Outras considerações, entretanto se fazem necessárias.
3. FAVORECIMENTO DE OFICIAIS, CORPORATIVSMO, ETC.
Os motivos apresentados para a extinção do Tribunal de Justiça Militar do Rio Grande do Sul incluem ainda o favorecimento de oficiais, condenação só de praças, corporativismo, etc.
A cantilena é antiga e se repete de tempos em tempos.
Já em 1986, por ocasião dos trabalhos da Constituinte, a Associação dos Magistrados das Justiças Militares Estaduais – AMAJME, juntamente com a Presidência dos Tribunais Militares de Minas Gerais, Rio Grande do Sul e São Paulo, editou um pequeno, mas precioso livreto, com objeções e respostas relacionadas ao funcionamento da Justiça Militar Estadual[9], que atualmente, ainda se fazem pertinentes.
Em documento encaminhado a Assembléia Legislativa[10], o Presidente do Tribunal de Justiça Militar do Rio Grande do Sul, Juiz-Coronel Sérgio Antonio Berni de Brum, apresentou aos senhores Deputados, dados estatísticos que vão de encontro às denúncias feitas contra a referida Corte. Assim, tomando-se por base o 1º semestre de 2008, de todos os julgamentos ocorridos em 1º grau de jurisdição, foi verificado um porcentual de 87,7% de recursos da parte da Defesa contra um porcentual de 12,2% de recursos oriundos do Ministério Público, o que permite concluir que a maioria das decisões proferidas pelos Juízes de Direito e pelos Conselhos de Justiça vai de encontro ao entendimento do Ministério Público.
E não se diga que o reduzido número de recursos apresentados pelo Ministério Público se dá em decorrência do número de condenações, pois no mesmo 1º semestre de 2008, segundo dados do Tribunal de Justiça Militar, 63,1% dos processos julgados foram de absolvições, contra 36,9% de condenações.

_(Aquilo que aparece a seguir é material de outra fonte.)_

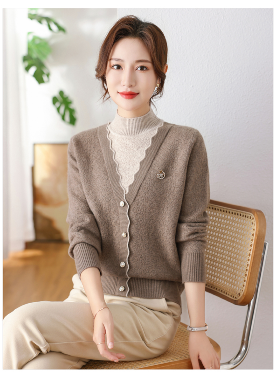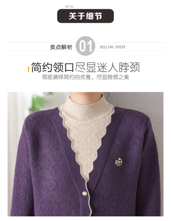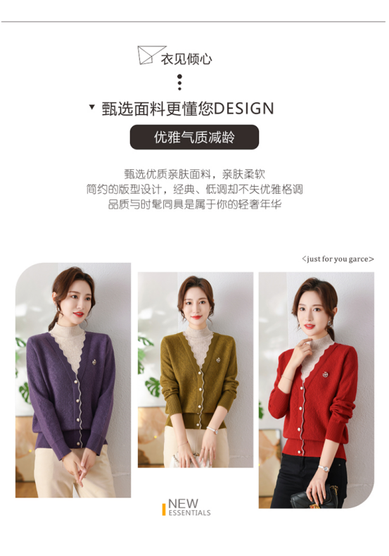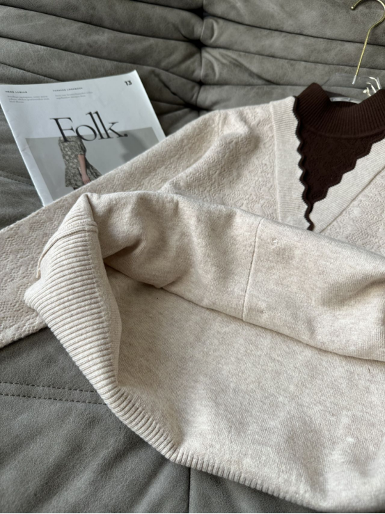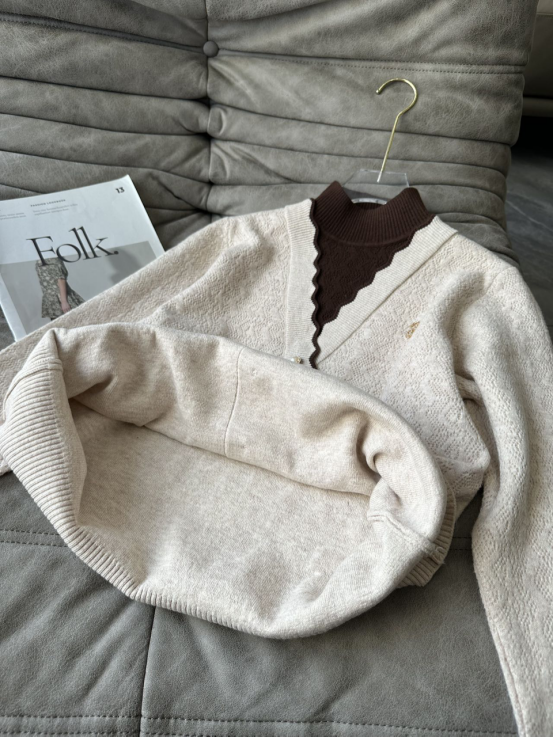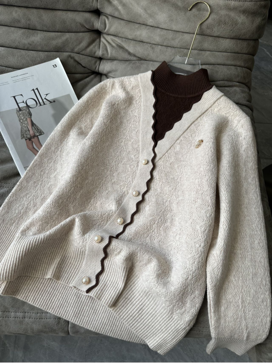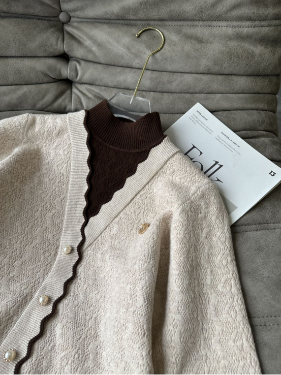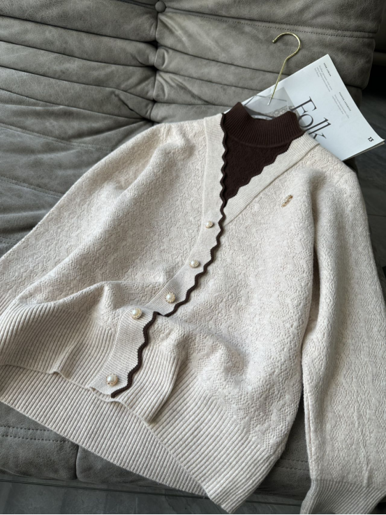 假两件的设计通过巧妙的针织手法和色彩搭配 营造出一种两件衣服叠穿的视觉效果 不仅增加了层次感,还为穿着者节省了搭配的时间和精力 两者相互映衬,仿佛是精心搭配的两件单品 使假两件的感觉更加逼真,为整体造型带来丰富性和趣味性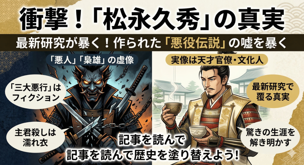 戦国時代、これほどまでに「悪者」として語り継がれた武将は、ほかにいないかもしれません。 「主君殺し」「将軍暗殺」「東大寺焼き討ち」、松永久秀(まつなが ひさひで)といえば、教科書でも「戦国三大梟雄(きょうゆう)」の一人として紹介され、これ... -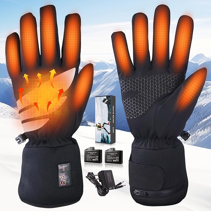 - 【UPGRADE Heated Gloves】With a more breathable inner lining than hand warmers and an outer layer of high-tech, waterproof, and wind-resistant material, these gloves excel in winter warmth. The rechargeable battery gloves feature far-infrared fiber heating elements that cover the entire hand, including fingertips, ensuring quick heating and adjustable temperatures to keep you warm in extreme cold. Ideal for those with Raynaud’s, arthritis, poor circulation, and stiff joints.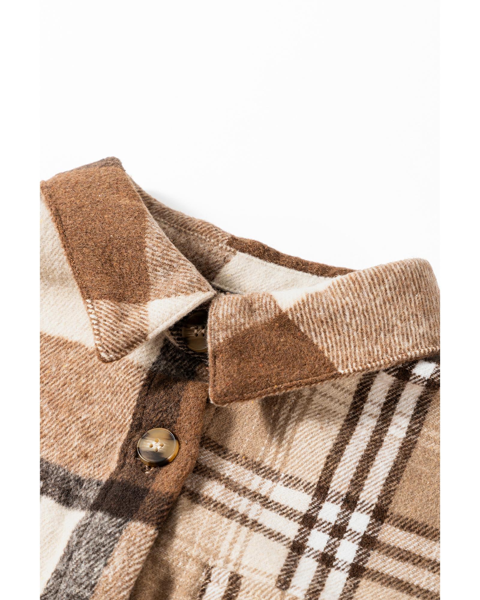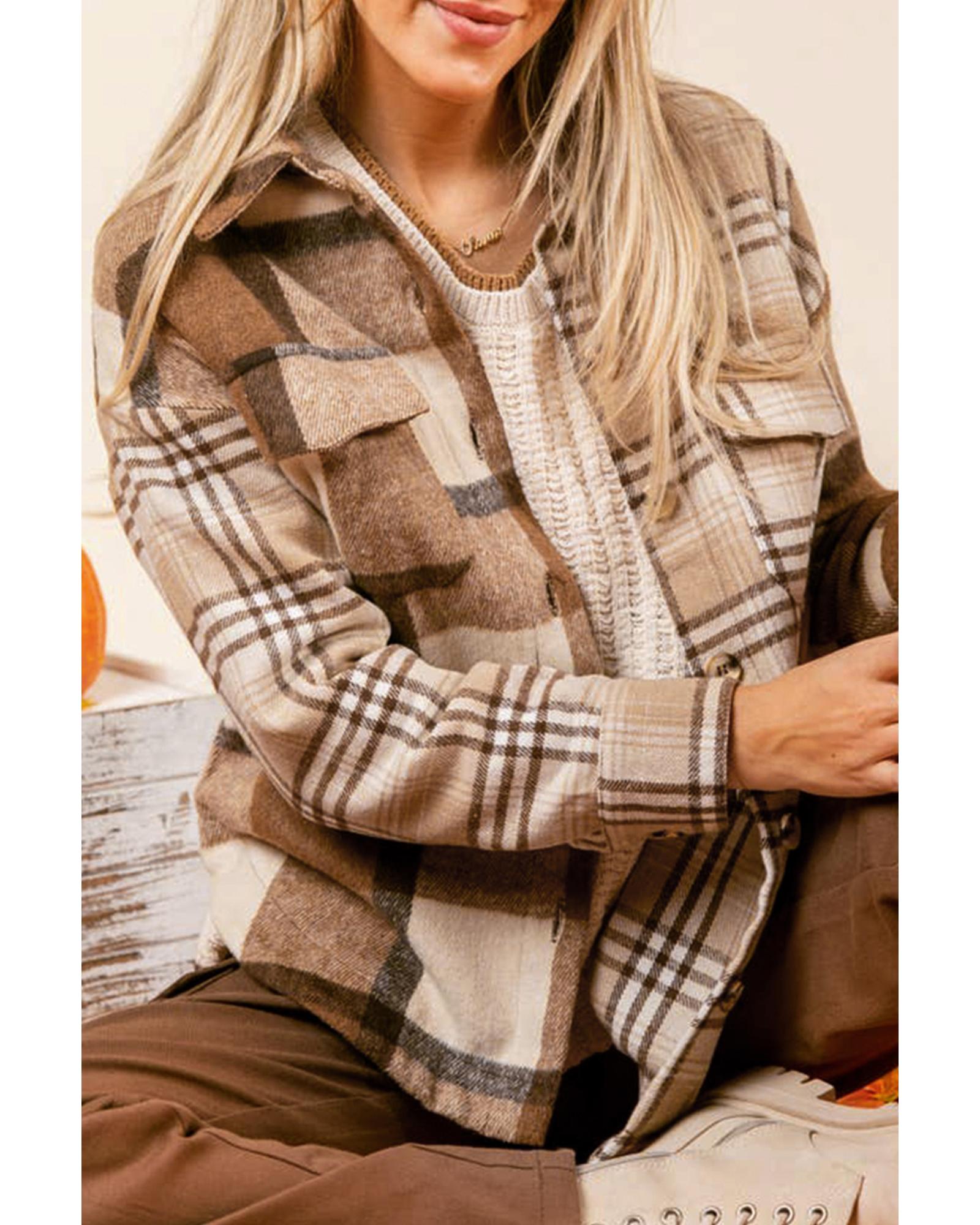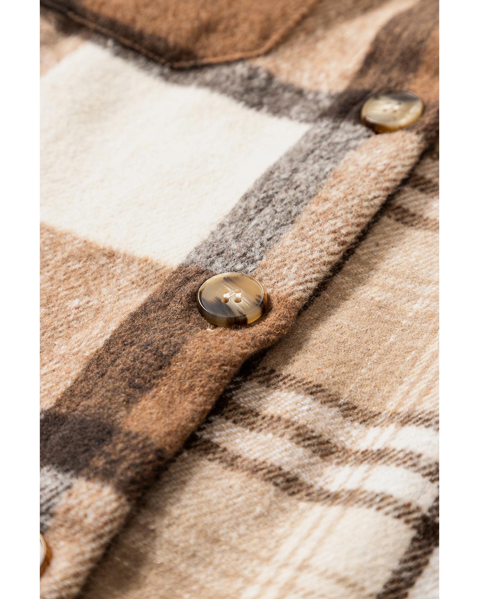 Light French Beige Flannel Plaid Double Flap Pocket Shacket – XL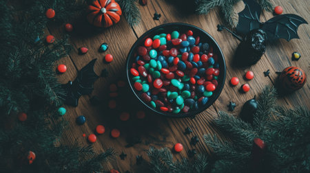 A vibrant bowl filled with an assortment of colorful candy surrounded by Halloween decorations, setting a playful and festive mood for celebrations.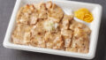 深谷ねぎと豚肉をラー油で炒め、ご飯に混ぜ込んだやみつき感のあるおむすびです。中具にも同じラー油仕立ての具材を入れ、食べ進みのよい仕立てです。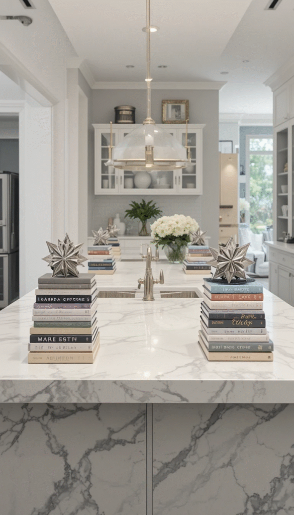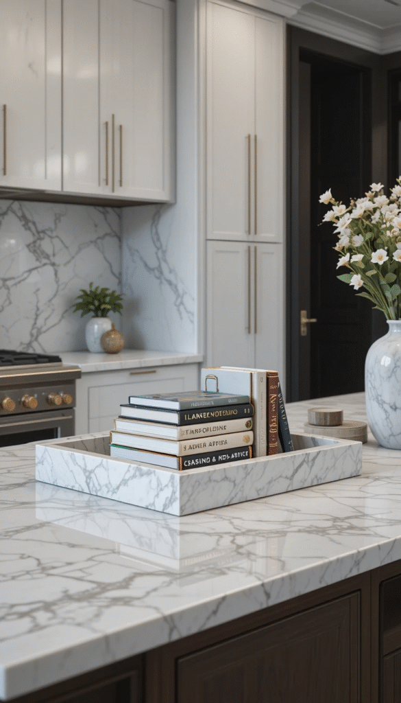 Combine stacked books with marble trays or stone coasters. The natural texture contrasts beautifully with paper covers, creating a modern organic aesthetic. This idea works well in luxury kitchens and bathrooms.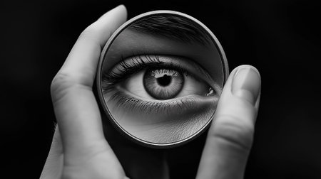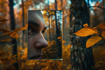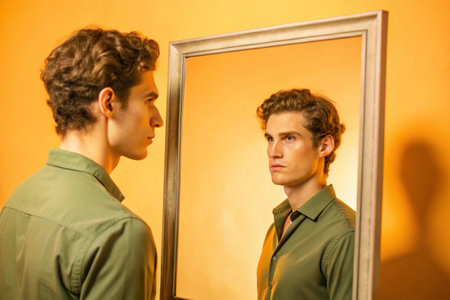 Male figure is looking into a round mirror, capturing a moment of reflection and self-discovery, with warm tones enhancing the emotional depth of the scene, AI generated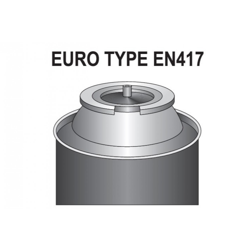 - тип газової ємності: одноразова, з різьбленням, самогерметизуюча, під прямим тиском, тип EN417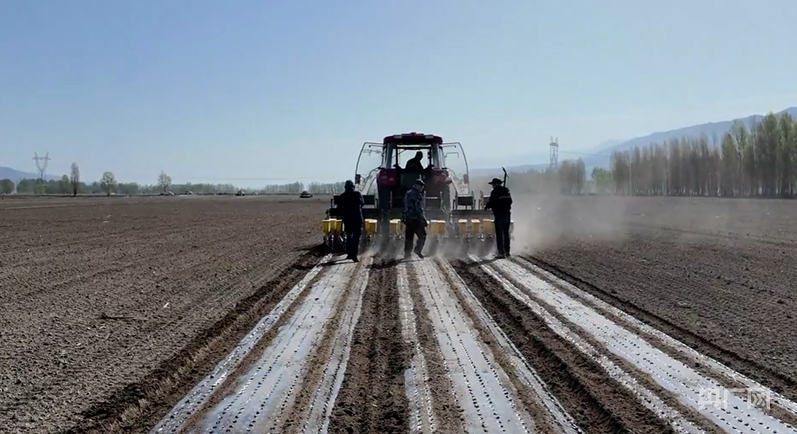 与传统人工铺膜相比,机械化作业优势尽显。一台农机一天便能完成数十亩地的铺膜、铺滴灌带、打孔全套作业,效率是人工的3至5倍。这不仅大幅缩短了春播周期,更为后期洋葱的高产优收筑牢了坚实基础。特克斯县乔拉克铁热克镇农机大户焦富裕一边专注地盯着农机作业,一边说:“三台机器在作业,播种、铺膜、滴灌带一次性完成,一台机器一天能种80至90亩。”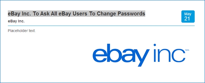 Компания eBay с сегодняшнего дня начинает рассылать пользователям электронные письма, а также демонстрировать уведомления через собственные сервисы о необходимости смены паролей к аккаунтам. Причина — крупная утечка информации.

Ainda de acordo com a os dados apresentados aos parlamentares gaúchos, não é verdade que não se condena oficiais, principalmente oficiais superiores. No ano de 2007 o Tribunal condenou 28 (vinte e oito) oficiais, entre Superiores, Intermediários e Subalternos, nenhum, diga-se de passagem, prescrito. Das 298 condenações ocorridas em 2007 na Justiça Militar gaúcha, 8,05% foi de Oficiais. Ressalte-se que aproximadamente 8% do efetivo total da Brigada Militar é composto por Oficiais, o que mostra o equilíbrio das decisões.[11]
4. CUSTO E DEMANDA DE SERVIÇO
Um dos pontos altos das denúncias proferidas contra o Tribunal de Justiça Militar foi o “alto custo” para seu funcionamento e manutenção. Conforme já referido ao início, o próprio Presidente do Tribunal de Justiça do Estado considerou que a extinção da Justiça especializada será um grande momento para o Estado, que seu custo (cerca de R$ 23,5 milhões em 2008) é alto e que seus funcionários representariam um ganho para a Justiça comum, que necessita de pessoal e que passaria a julgar crimes cometidos por servidores da Brigada.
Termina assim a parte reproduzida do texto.